[Opening INPUT DATA section]

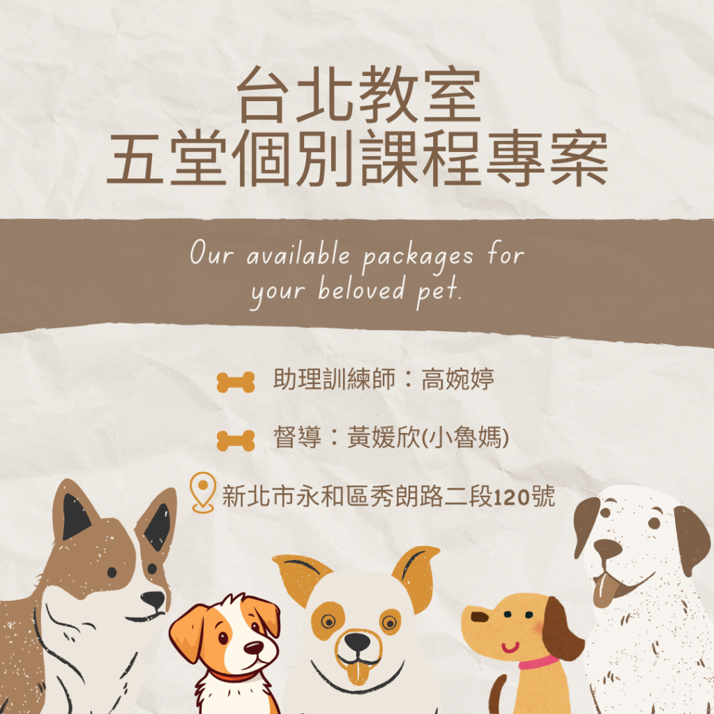 – 主人需與狗狗一起來教室上課,將會視情況安排家教或戶外課(交通費用另計)。
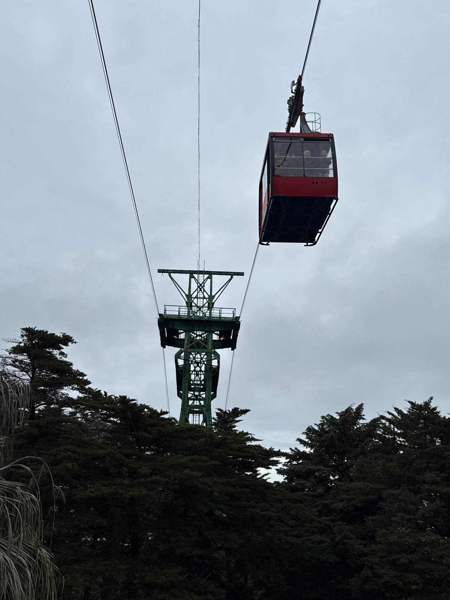 This image captures a red cable car gondola suspended by a black cable against an overcast, light gray sky. The rectangular gondola, featuring multiple windows, shows at least three blurred human figu…read more
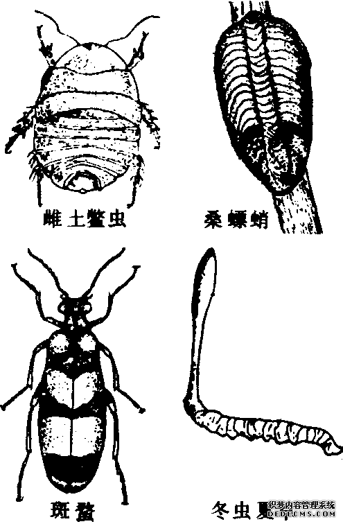 用虫体的全部或一部分,或用其产品经加工制成药物的昆虫。种类很多,所含成分复杂。可用全虫入药的,如干燥土鳖雌虫(雄虫不作药用),性寒、味咸、微毒,内服有破淤通经功效,主治跌打损伤、闪腰、岔气和腰痛的功能。有大毒的斑蝥干燥成虫,经去头、足和翅后,也可研末入药外用,有主治急性扁桃体炎、咽喉炎的功效,内含斑蝥素,近年认为对癌细胞有杀伤作用。用昆虫产品入药的,如桑螵蛸(刀螂子)是螳螂的卵鞘,有补肾壮阳、固精缩尿的功效,特别是对老年人或体虚人小便频数及神经衰弱等有一定疗效;冬虫夏草是由虫草蝙蝠蛾的幼虫和虫头长出的一种子囊菌,即冬虫夏草菌的菌座组 ......
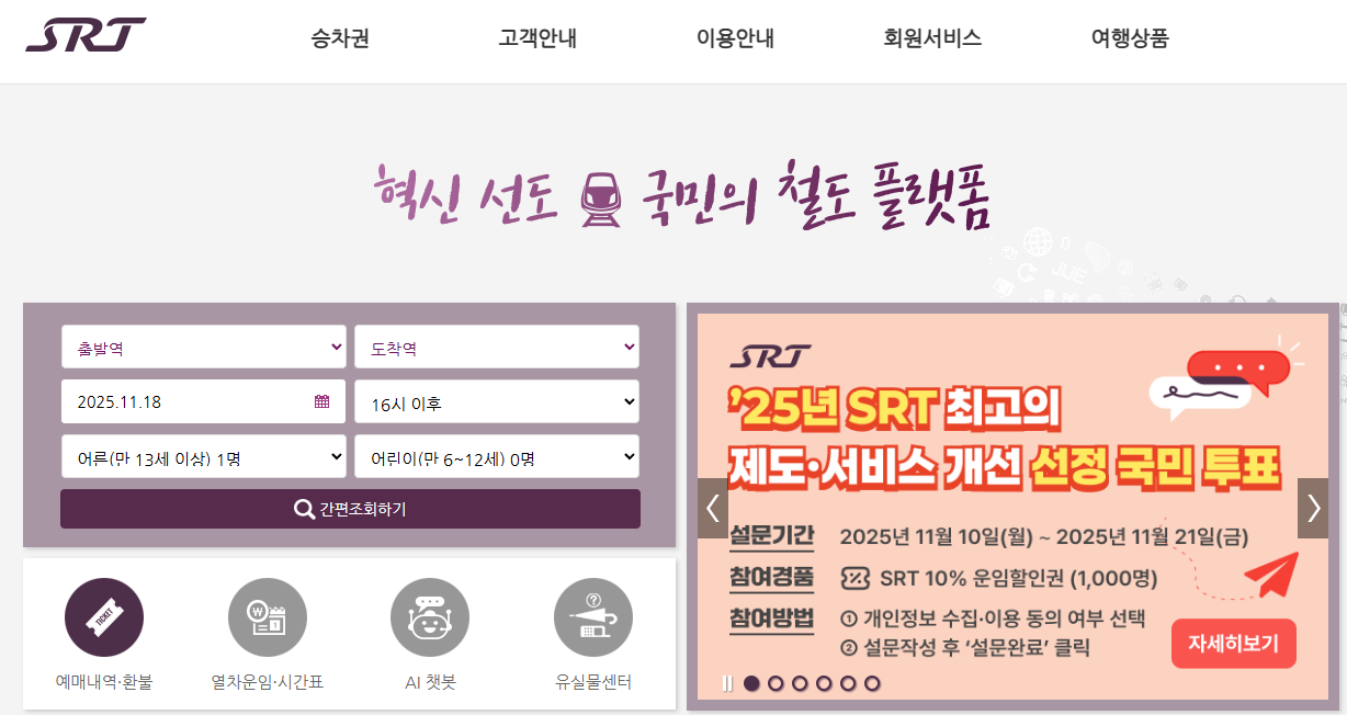 고속철도 이용이 일상화된 요즘, 빠르고 편리한 예매는 더 이상 선택이 아닌 필수가 되었습니다. 특히 수서고속철도(SRT)는 합리적인 가격과 빠른 노선으로 많은 이용자들의 선택을 받고 있습니다. 이번 글에서는 SRT 홈페이지 이용 방법과 함께, 모바일로 간편하게 예매할 수 있는 SRT 공식 앱에 대해서도 안내드리겠습니다.

[Closing INPUT DATA section]

WHAT IS NEEDED. Retype the lines above exactly, no pictures.

RESULT OF THIS EXERCISE.
 – 主人需與狗狗一起來教室上課,將會視情況安排家教或戶外課(交通費用另計)。
 This image captures a red cable car gondola suspended by a black cable against an overcast, light gray sky. The rectangular gondola, featuring multiple windows, shows at least three blurred human figu…read more
 用虫体的全部或一部分,或用其产品经加工制成药物的昆虫。种类很多,所含成分复杂。可用全虫入药的,如干燥土鳖雌虫(雄虫不作药用),性寒、味咸、微毒,内服有破淤通经功效,主治跌打损伤、闪腰、岔气和腰痛的功能。有大毒的斑蝥干燥成虫,经去头、足和翅后,也可研末入药外用,有主治急性扁桃体炎、咽喉炎的功效,内含斑蝥素,近年认为对癌细胞有杀伤作用。用昆虫产品入药的,如桑螵蛸(刀螂子)是螳螂的卵鞘,有补肾壮阳、固精缩尿的功效,特别是对老年人或体虚人小便频数及神经衰弱等有一定疗效;冬虫夏草是由虫草蝙蝠蛾的幼虫和虫头长出的一种子囊菌,即冬虫夏草菌的菌座组 ......
 고속철도 이용이 일상화된 요즘, 빠르고 편리한 예매는 더 이상 선택이 아닌 필수가 되었습니다. 특히 수서고속철도(SRT)는 합리적인 가격과 빠른 노선으로 많은 이용자들의 선택을 받고 있습니다. 이번 글에서는 SRT 홈페이지 이용 방법과 함께, 모바일로 간편하게 예매할 수 있는 SRT 공식 앱에 대해서도 안내드리겠습니다.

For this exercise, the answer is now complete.